#### What the task asks:
Give back the whole listing verbatim, printing none of its pictures.

Segment Start: Exercise data

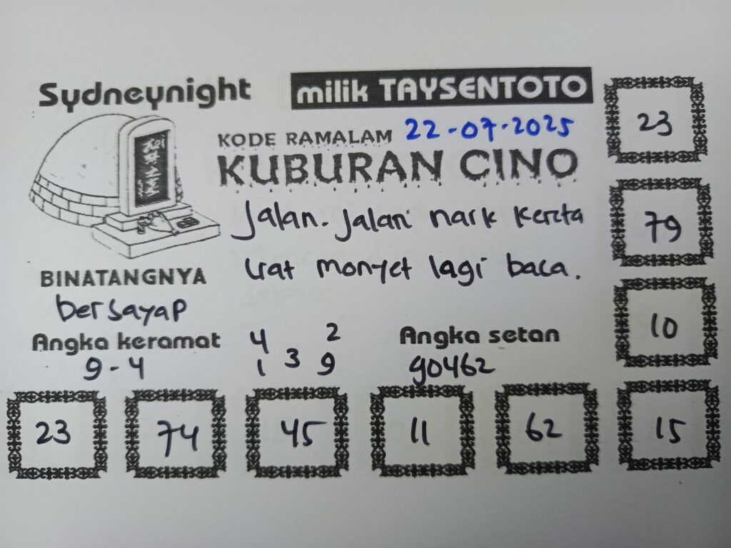 Syair Kuburan Cino SydneyNight Hari ini Selasa, 22 Juli 2025
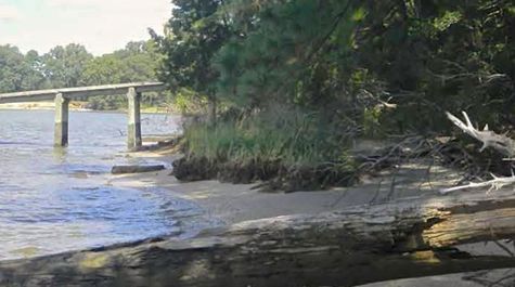 • Threatened Pier   The area of greatest concern along the Werowocomoco shoreline is a 300-foot stretch bisected by an existing pier. Erosion in this section threatens the connection between the pier and the bank. A small remnant of the once large fringing marsh is seen on the shoreline.   Photo courtesy of Donna Milligan.
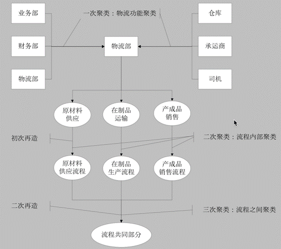 第三次聚類則發生于供、產、銷三個環節之間,即二次再造。聚類的目的是將三大流程間的相似之處進行聚類,盡量尋求三個流程的共同點,在這樣的共同點上,可以采用相同的業務流程,進行業務流程的標準化與信息化,如三大流程可以采取同樣的承運商選擇與出庫流程,這使得物流部業務在操作層面上更加簡單。

Segment End: Exercise data

#### Final answer:
 Syair Kuburan Cino SydneyNight Hari ini Selasa, 22 Juli 2025
 • Threatened Pier   The area of greatest concern along the Werowocomoco shoreline is a 300-foot stretch bisected by an existing pier. Erosion in this section threatens the connection between the pier and the bank. A small remnant of the once large fringing marsh is seen on the shoreline.   Photo courtesy of Donna Milligan.
 第三次聚類則發生于供、產、銷三個環節之間,即二次再造。聚類的目的是將三大流程間的相似之處進行聚類,盡量尋求三個流程的共同點,在這樣的共同點上,可以采用相同的業務流程,進行業務流程的標準化與信息化,如三大流程可以采取同樣的承運商選擇與出庫流程,這使得物流部業務在操作層面上更加簡單。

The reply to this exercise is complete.